◆ Records contained in a dataset:
···
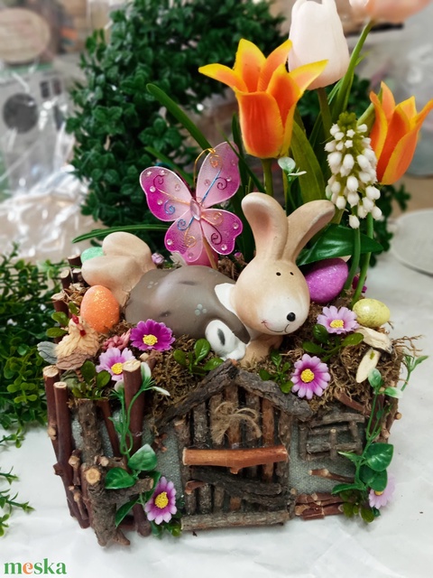 Nyuszi lak, húsvéti,tavaszi(nagy) asztaldisz, lakásdekoráció
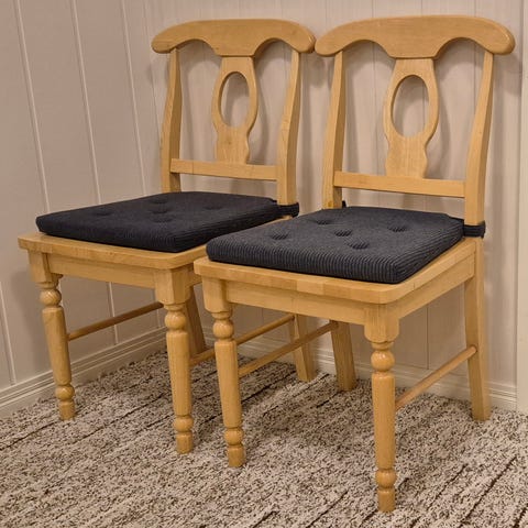 3 muuta tuolia on pinnassa valitettavasti ruostetahroja, joita en ole saanut pois hinkkaamalla. Siksi hinta alhainen. Jos laittaa tuolinpäällisen/tyynyn peitteeksi ei niitä huomaa.
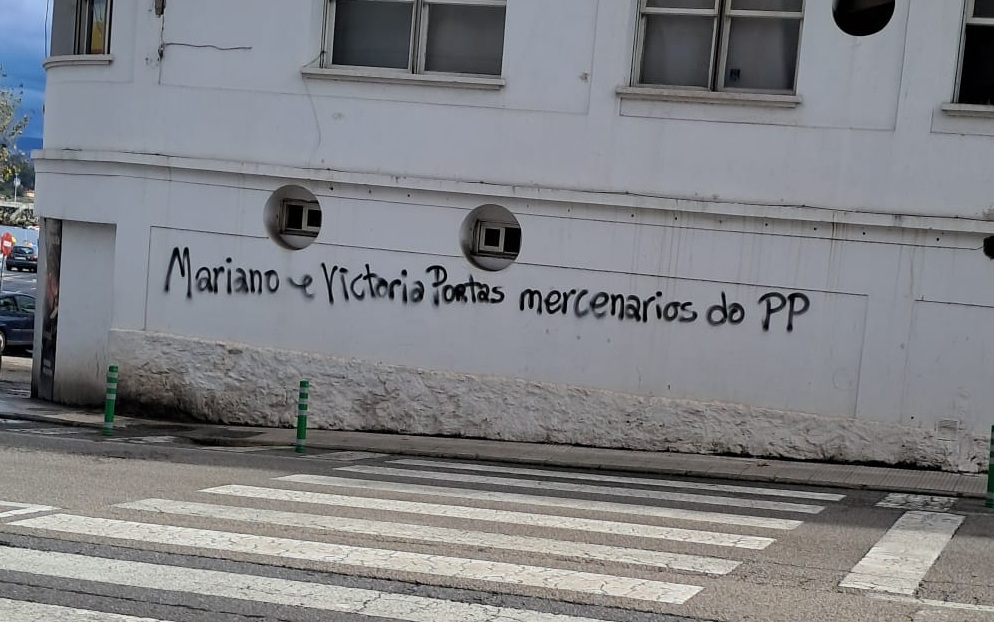 La situación política en Cangas nunca ha sido fácil y ha vivido numerosos episodios de tensión a lo largo de su historia pero quizá el que se está produciendo en este momento podría calificarse como el más complicado de los últimos años. Con un gobierno en minoría que se resiste a negociar con la mayoritaria oposición el voto que le falta para sacar adelante sus propuestas, el ambiente no solo se crispa en el salón de plenos sino también en la calle. El miércoles la nave de Iglesias, en Ojea, que el Concello utiliza como nave de Servizos, amanecía tuneada con una pintada en contra de la portavoz de Alternativa dos Veciños (AV), Victoria Portas.
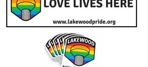 The Lakewood Pride Promotional Bundle includes stickers and a bumper sticker designed to make pride visible wherever you are. Each bundle helps fund local LGBTQ+ community programs and sends a clear message: Love Lives Here. Bold, welcoming, and purpose-driven.
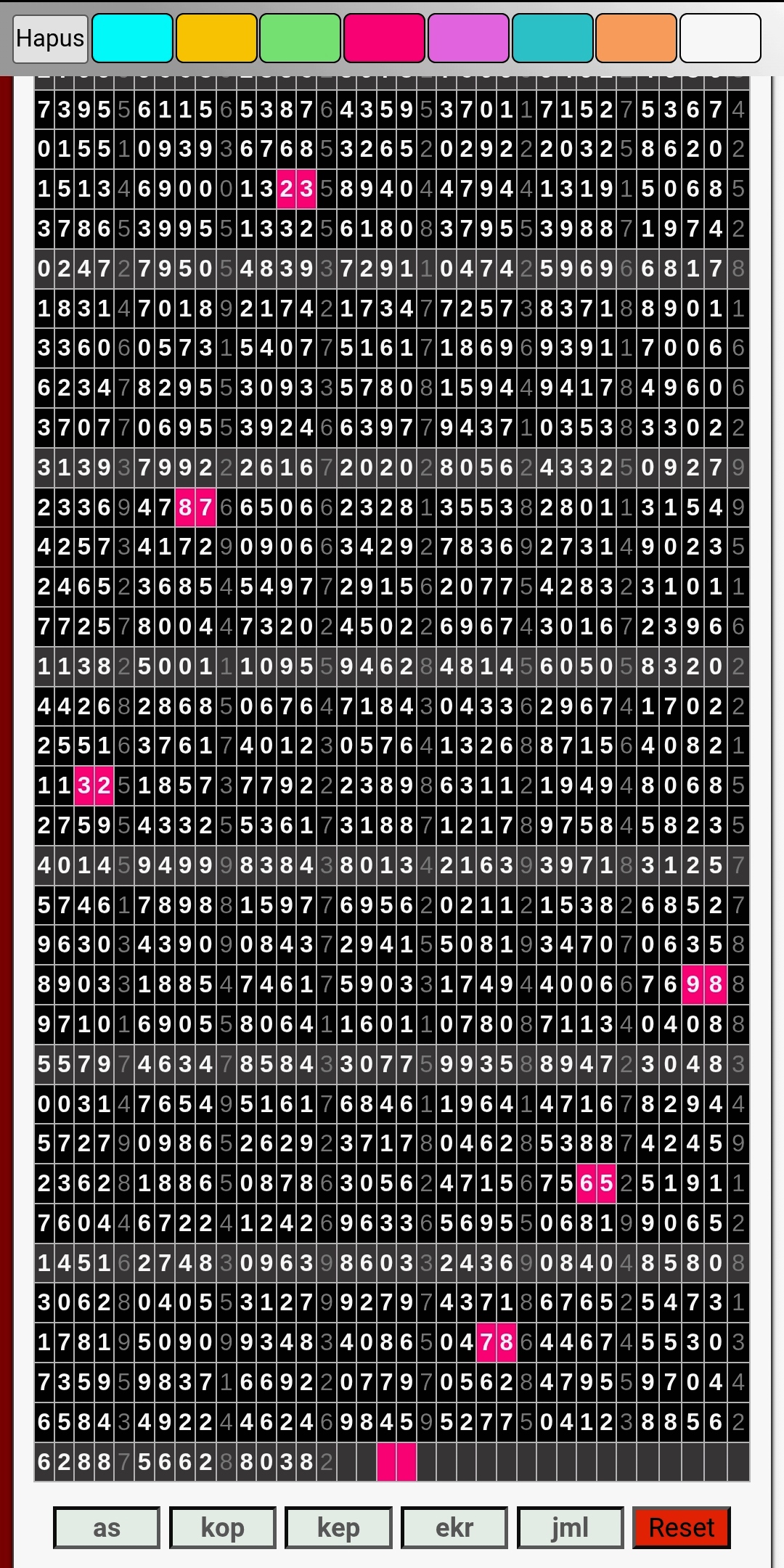 | Rumus Angka Mati berdasarkan kepala harian | 08 09 10 16 17 19 20 27 28 30 31 32 37 38 39 40 41 42 43 48 49 50 51 52 54 59 60 62 63 65 74 75 76 85 86 87 96 97 98 |
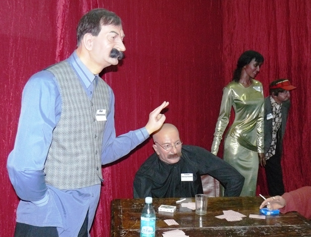 Узнав о том, что приключилось с Юрием Стояновым и Ильей Олейниковым, питерские скульптуры изваяли известных актеров в воске и усадили за карточный столик в евпаторийском краеведческом музее вместе с одним известным депутатом Государственной Думы России. Теперь эта троица за картами проводит там не только ночи, но и все свое рабочее время без еды и кетчупа в весьма живописной компании.
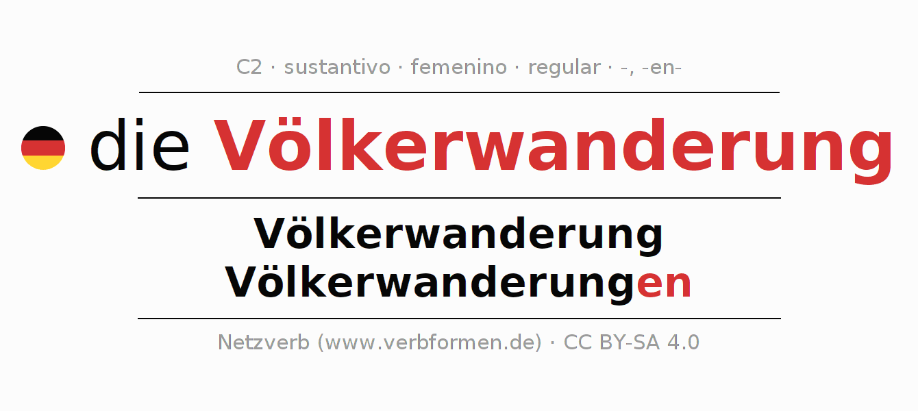 La declinación del sustantivo en forma de tabla con todas su formas: singular, plural y en los cuatro casos: nominativo (primer caso), genitivo (segundo caso), dativo (tercer caso) y acusativo (cuarto caso). Las construcciones gramaticales están representadas de forma clara en una tabla sinópica. La inflexión de los sustantivos es una ayuda durante tareas, exámenes, para cursos de alemán, la universidad, el estudio del alemán como lengua extranjera o como segundo idioma y para estudiantes adultos. La declinación correcta de las palabras es especialmente importante para los que aprenden el idioma alemán. Aquí encontraras más información acerca del tema Wiktionary Völkerwanderung y aquí también a través del Duden Völkerwanderung.
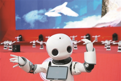 10月12日,智能机器人在重庆智能工程职业学院揭牌暨华为(永川)联合技术创新中心投用仪式上进行舞蹈表演。
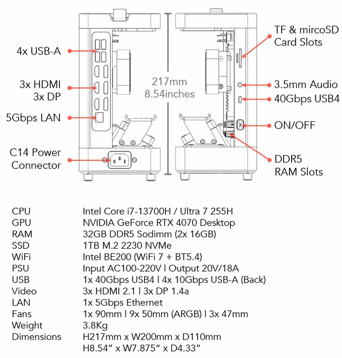 La campaña de Kickstarter ya ha alcanzado los objetivos de financiación y el equipo chino ofrece ahora dos modelos gracias a que se han alcanzado sus stretch goals. Wee Beastie Core es el modelo de 699 dólares que integra una GPU RTX 4070 MXM y un Intel Core i7-13700H mientras que el Wee Beastie PRO incorpora un procesador más reciente Intel Core Ultra 7 255H más reciente. Ambos modelos vienen con una fuente de alimentación de 400 W, iluminación RGB en los ventiladores, 32 GB de RAM y 1 TB de SSD por defecto y admiten hasta 16 TB de almacenamiento y 128 GB de RAM. El equipo chino está esencialmente probando la demanda por ahora, ya que los modelos Core estarán limitados a 200 unidades y los PRO a 300.
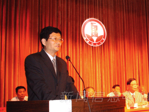 他说,55年前的今天,在城工部的领导下,中正大学进步学生积极投身于国统区反内战、反独裁、反饥饿的学生运动。1948年下半年,中共南昌城工部在中正大学建立了地下党组织。5月26日,中正大学学生载歌载舞将中国人民解放军迎入校园,学校的发展从此进入了崭新的阶段。55年过去,弹指一挥间,今天近百名已逾古稀之年的老同志和老校友重返校园,缅怀青春岁月,畅叙革命情怀,这是一件具有重大历史意义的盛事,为我校正在着力营造的校园文化又添浓墨重彩的一笔。这次盛会必将会给生气蓬勃的师大校园注入强劲的精神动力;温故而知新,继往以开来,爱我师大必先知我师大,知我师大当思兴我师大,今日莘莘学子负有弘扬传统再创辉煌的崇高使命。当前学校正在校区建设、制度建设、文化建设和学科建设等方面迈出坚定步伐,一座生态气息浓郁、人文底蕴深厚、教学与研究功能齐全的现代化开放校园,即将在南昌城东瑶湖之滨建成。这一切,极大的振奋了全校4万多名师生员工的精神,为学校实施"三步走"发展战略--力争用20年时间把江西师范大学建成一所综合性、有特色、高水平、国内知名的教学研究型大学奠定了坚实基础。
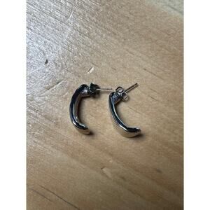 Vintage Monet Women's Silver Toned ribbed earrings. Half Hoop Design
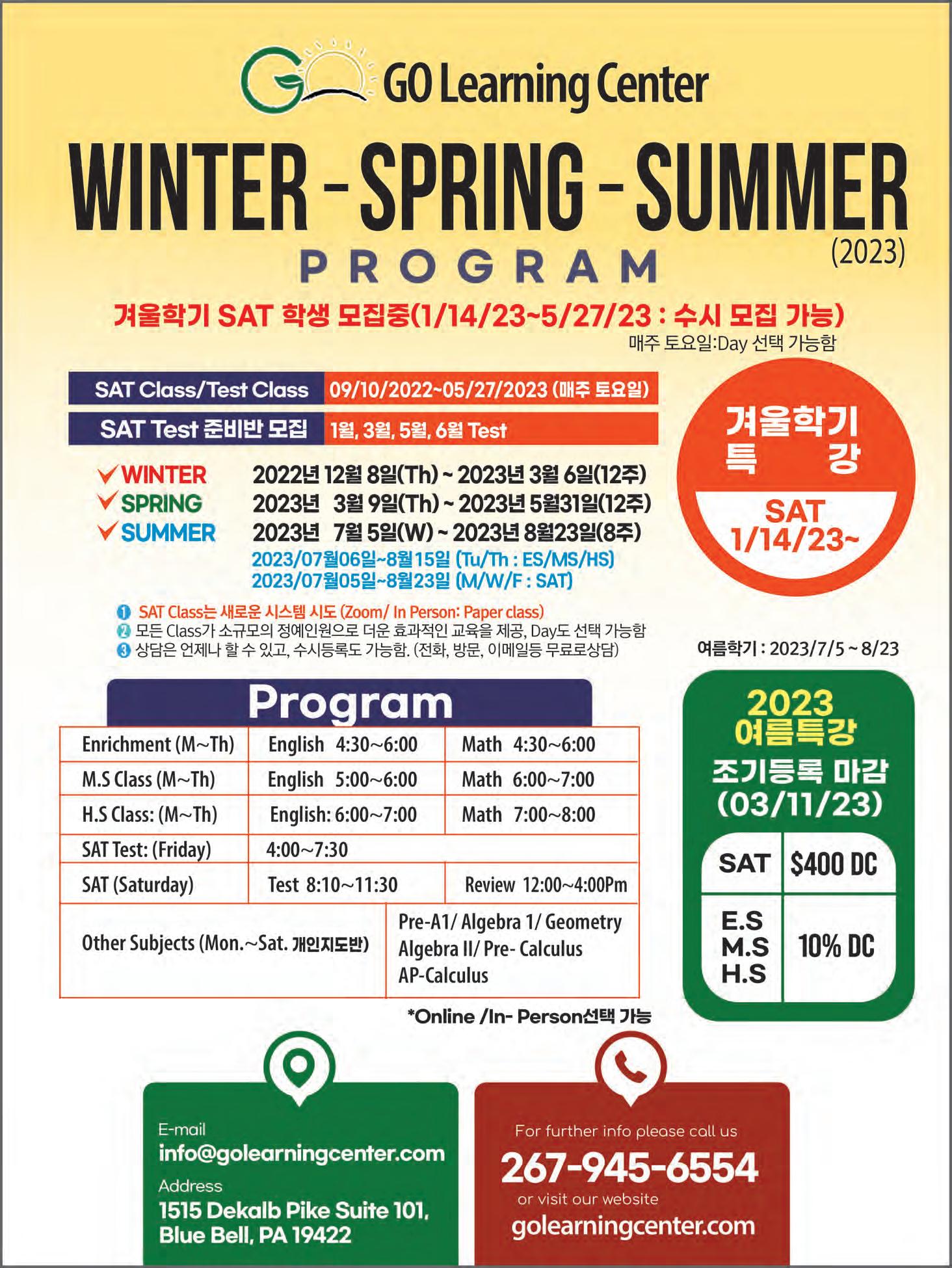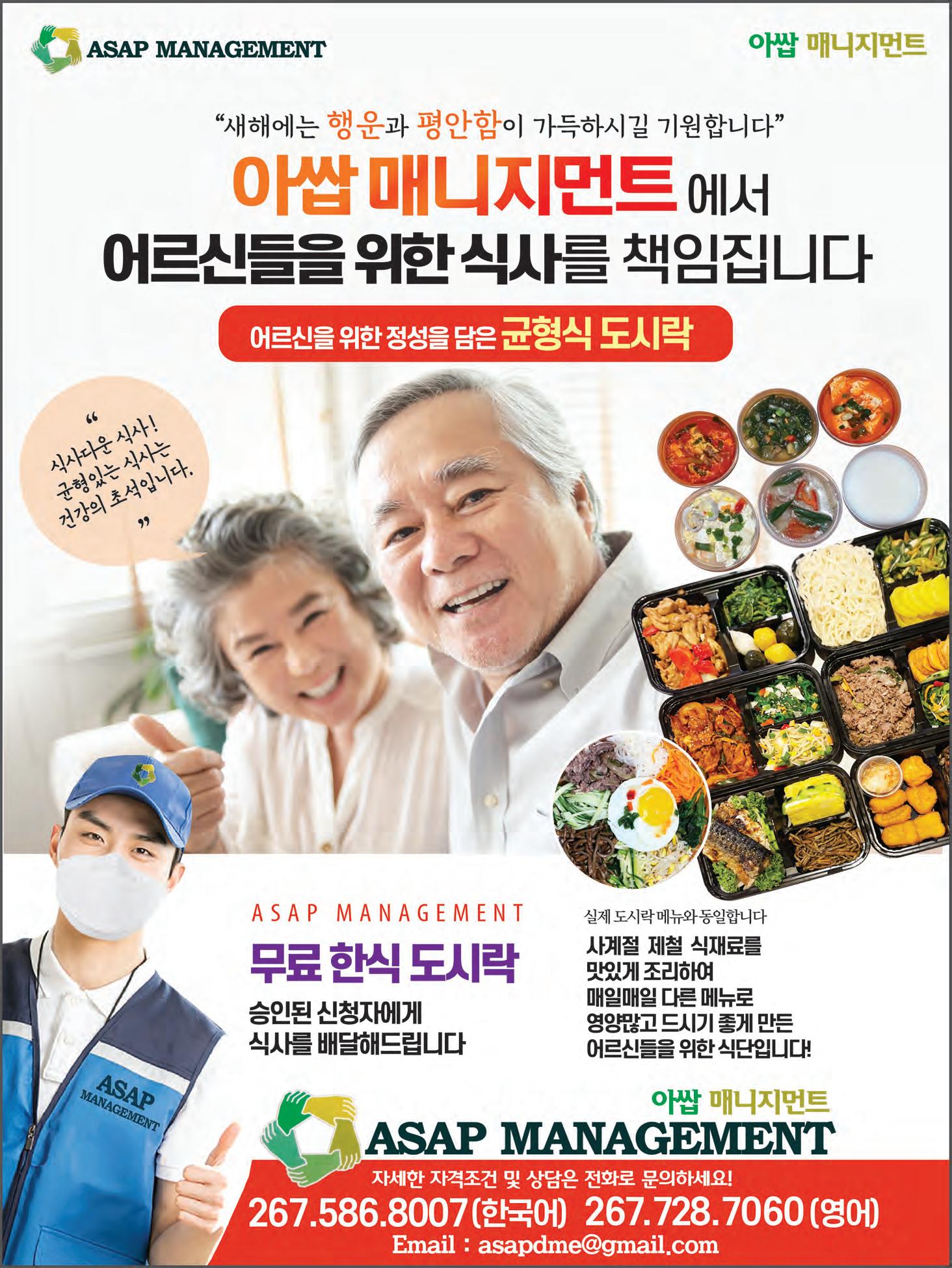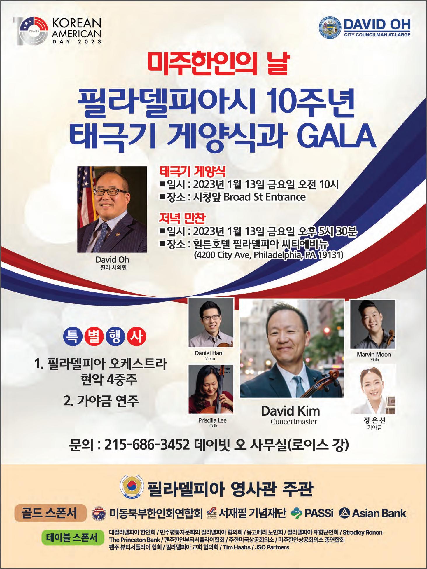 2023년 새해가 밝았습니다. 새해에도 필라델피아 한인 동포 사회가 미주류사회에 잘 적응하고 모범을 보여주는 한민족임을 알리는 길잡이가 되어 주시길 부탁드립니다. 특히, 노인세대는 미국에 살면서도 사회, 경제, 복지 등 많은 혜택을 알지 못하고 살아가는 현실을 감안하여 빈곤, 취약층이 고루 혜택을 받을 수 있 도록 선도 역할을 부탁드리며 다시 한번 새해 축하 인사를 드립니다. 감사합니다.
···
◆ BRIEF: Out of the records above, return only the lines from the one with "La situación política" through the one with "87 96 97 98 |", exactly, and none of the pictures.

◆ COMPLETED EXERCISE:
 La situación política en Cangas nunca ha sido fácil y ha vivido numerosos episodios de tensión a lo largo de su historia pero quizá el que se está produciendo en este momento podría calificarse como el más complicado de los últimos años. Con un gobierno en minoría que se resiste a negociar con la mayoritaria oposición el voto que le falta para sacar adelante sus propuestas, el ambiente no solo se crispa en el salón de plenos sino también en la calle. El miércoles la nave de Iglesias, en Ojea, que el Concello utiliza como nave de Servizos, amanecía tuneada con una pintada en contra de la portavoz de Alternativa dos Veciños (AV), Victoria Portas.
 The Lakewood Pride Promotional Bundle includes stickers and a bumper sticker designed to make pride visible wherever you are. Each bundle helps fund local LGBTQ+ community programs and sends a clear message: Love Lives Here. Bold, welcoming, and purpose-driven.
 | Rumus Angka Mati berdasarkan kepala harian | 08 09 10 16 17 19 20 27 28 30 31 32 37 38 39 40 41 42 43 48 49 50 51 52 54 59 60 62 63 65 74 75 76 85 86 87 96 97 98 |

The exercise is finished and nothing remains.